Yes, I knew why I was here and how Everett had died. But what was this Skyfall Bloodline(Dormant)? What did it mean by dormant ? What were these classes—Authority of Sel, Runemaster, and whatever that title was that the Guide had hidden behind question marks?

And what did "Honored Otherworlder" actually mean? Was it just a title, or did it come with expectations and obligations? The fact that it was marked as both "Hidden" and "Unique" suggested it was important, but important how? Important to whom?

Although, Guide had informed, that I can expand them for more details. Lets leave them for tomorrow, today was hell of a ride.

I lay there in the darkness, staring at the ceiling I could barely see, my mind churning through implications and possibilities. The burning sensation had faded, leaving behind only a faint warmth that pulsed in time with my heartbeat. I felt different somehow, like something fundamental had shifted in my body's architecture. It wasn't painful, but it was noticeable, a awareness of systems and powers that hadn't been there before.

Through the wall, I could hear Gareth moving around, the creaking of floorboards as he got out of bed. He was probably experiencing the same thing, trying to process whatever his own revelation had shown him.

I wondered what abilities he'd received, whether they were common or rare, whether they would be enough to give him the adventure and the food he dreamed about.

I should get up, I thought. I should check on him, make sure he was okay. That's what Everett would do, what a good friend would do. But I couldn't quite make myself move yet.

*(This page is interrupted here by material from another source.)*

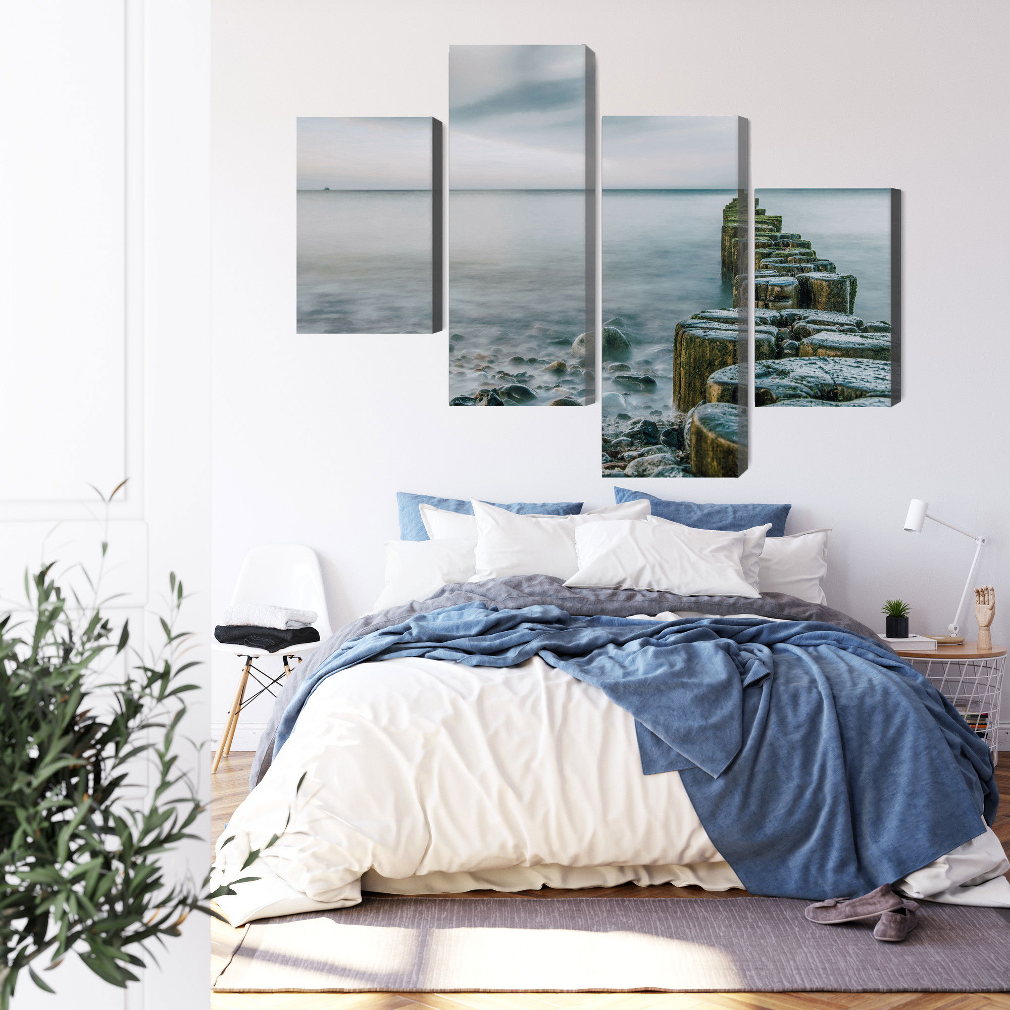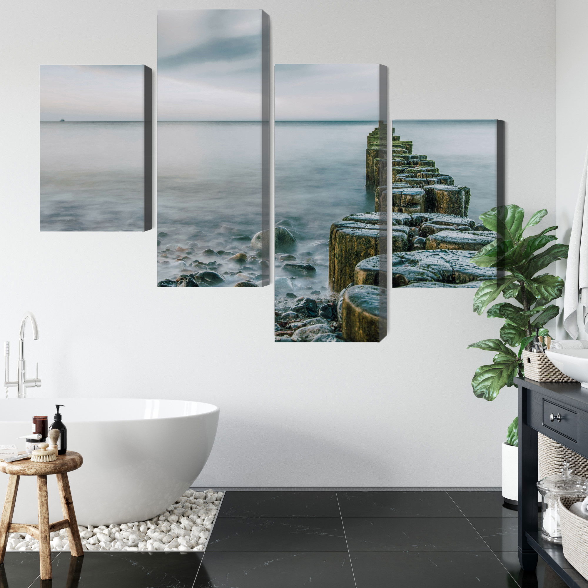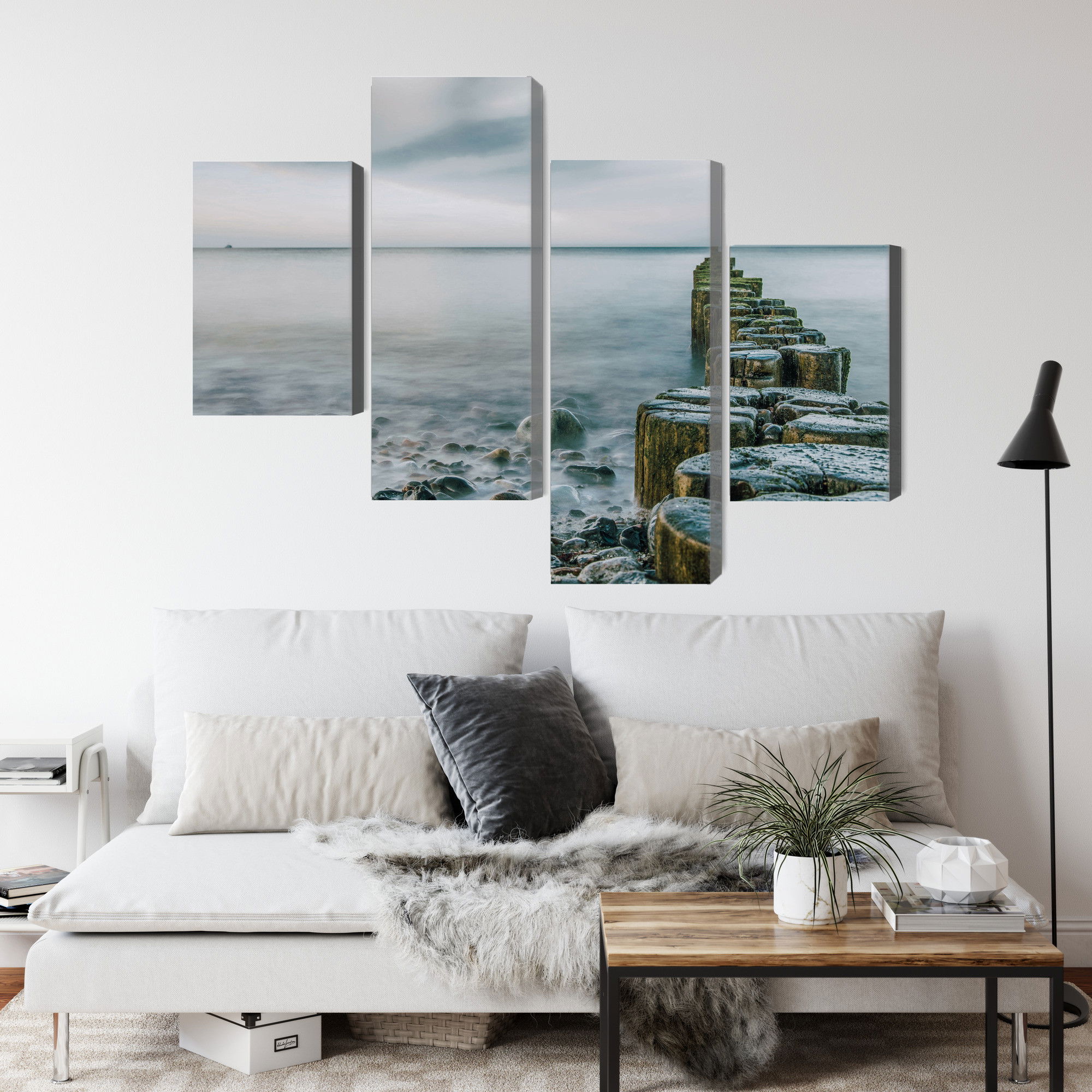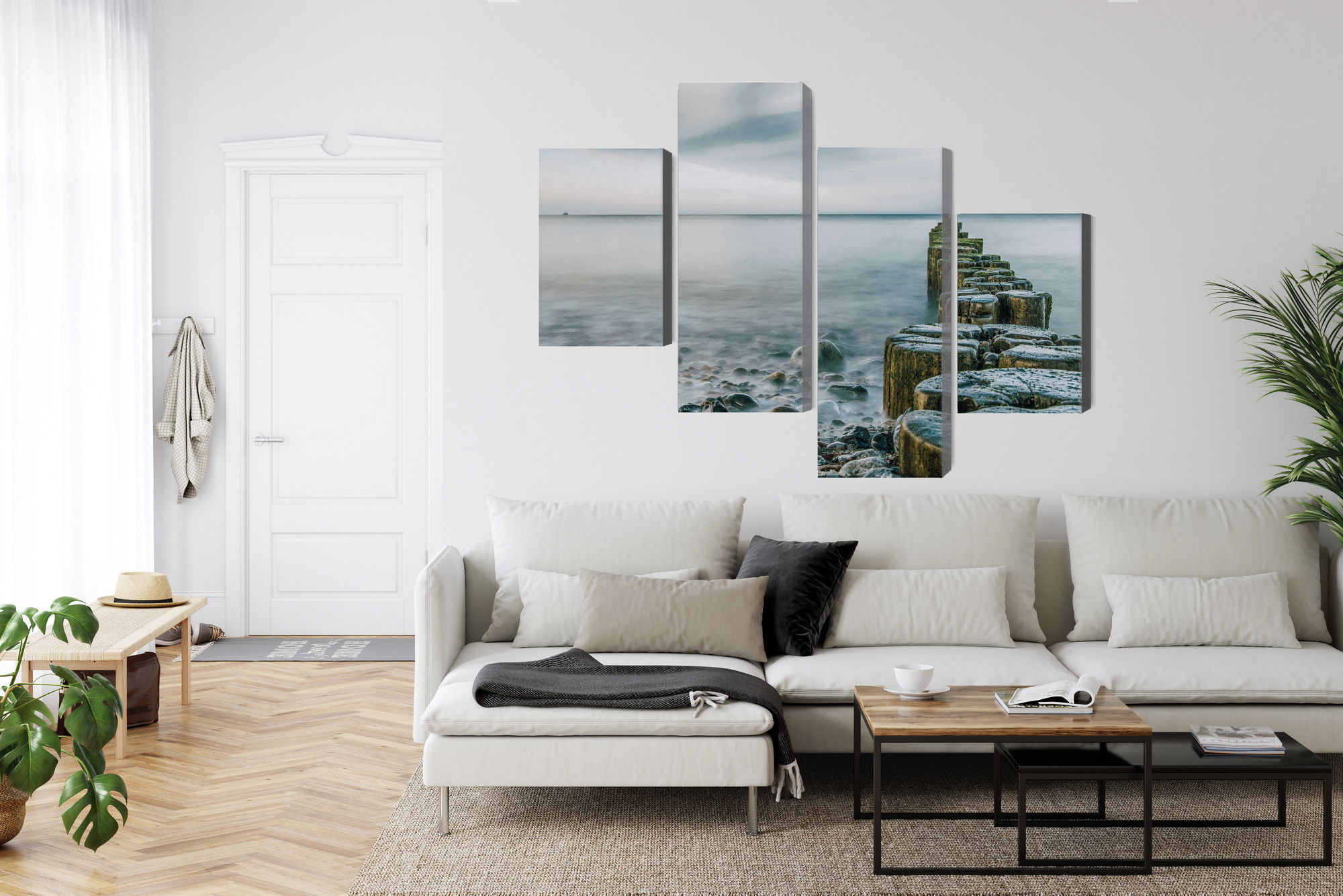 Ljuddämpande tavla – Rocky beach and 3d wooden för lugnare rum och mjukare akustik

I was still processing, still trying to reconcile Chase Sullivan's memories and personality with Everett Skyfall's life and circumstances..

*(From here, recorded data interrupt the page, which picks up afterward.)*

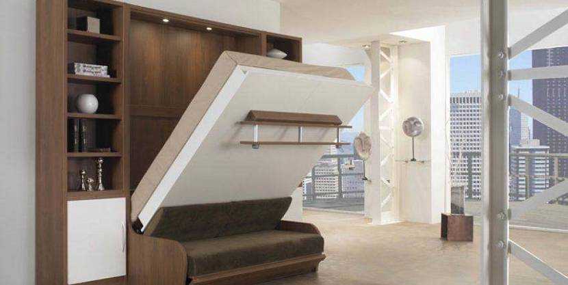 - Можно продумать вариант использования подъемной кровати, которая прячется в узкий шкаф-стенку. Конечно, размещать ее напротив мягкой мебели не получится, но если оставить пространство в другой части комнаты, то спальня будет «раскладываться» только тогда, когда это нужно.
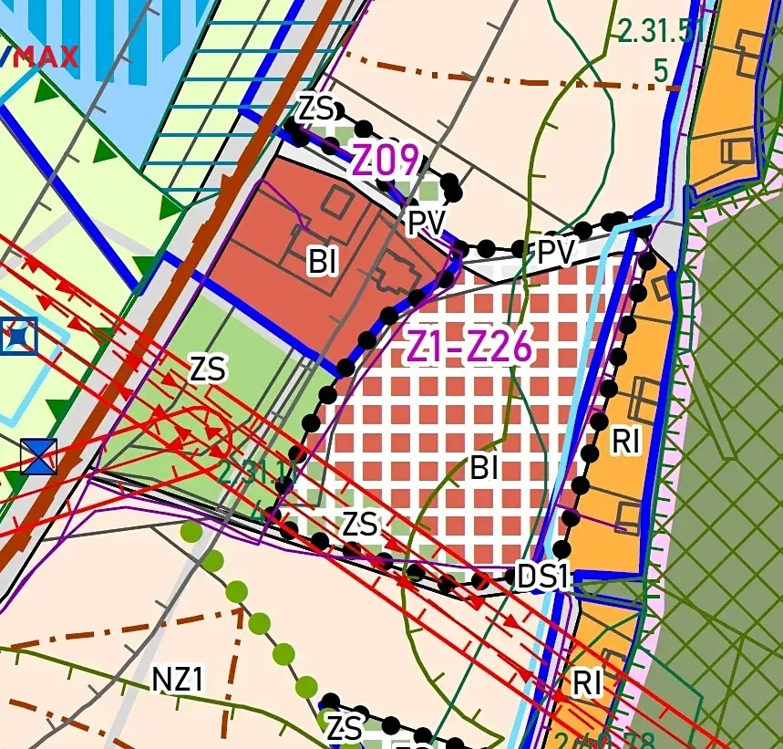Velmi malá část pozemku patří do plochy ZS – zeleň soukromá a vyhrazená.
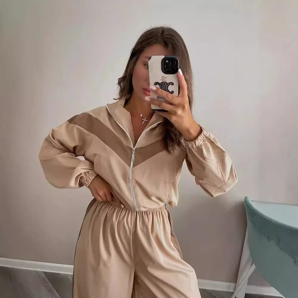 Women's Vintage Autumn Fashionable Casual Sports Cardigan Pants Set European American Long-Sleeved Street Outfit Solid 2 1
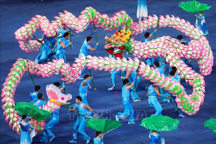 | Các nghệ sĩ biểu diễn tại lễ khai mạc ASIAD lần thứ 19 trên sân vận động Olympic tại thành phố Hàng Châu, tỉnh Chiết Giang, Trung Quốc, ngày 23/9/2023. Ảnh: THX/TTXVN |

Eventually I would have to figure out who I was going to be in this world. Not Chase pretending to be Everett, and not Everett with Chase's memories riding along like a passenger. Something new, some synthesis of both that could function in this reality without going insane and from revealing himself as imposter to everyone.

But that was a problem for tomorrow. Right now, I just needed to breathe and accept that my life—both of my lives—had fundamentally changed in ways I was only beginning to understand.

I was an Honored Otherworlder, whatever the hell that meant, and I had a pleasant stay to look forward to according to an omniscient entity that spoke in glowing text. The absurdity of it all would have made me laugh if I wasn't so exhausted and overwhelmed.

Tomorrow I would talk to Alden, and i would try to get whatever information he'd promised about coming of age and abilities , past secrets about Everett and the wider world beyond Greenvale.

But tonight, I just closed my eyes and let the darkness take me again, hoping that sleep would be dreamless and expecting that morning would bring clarity instead of more confusion.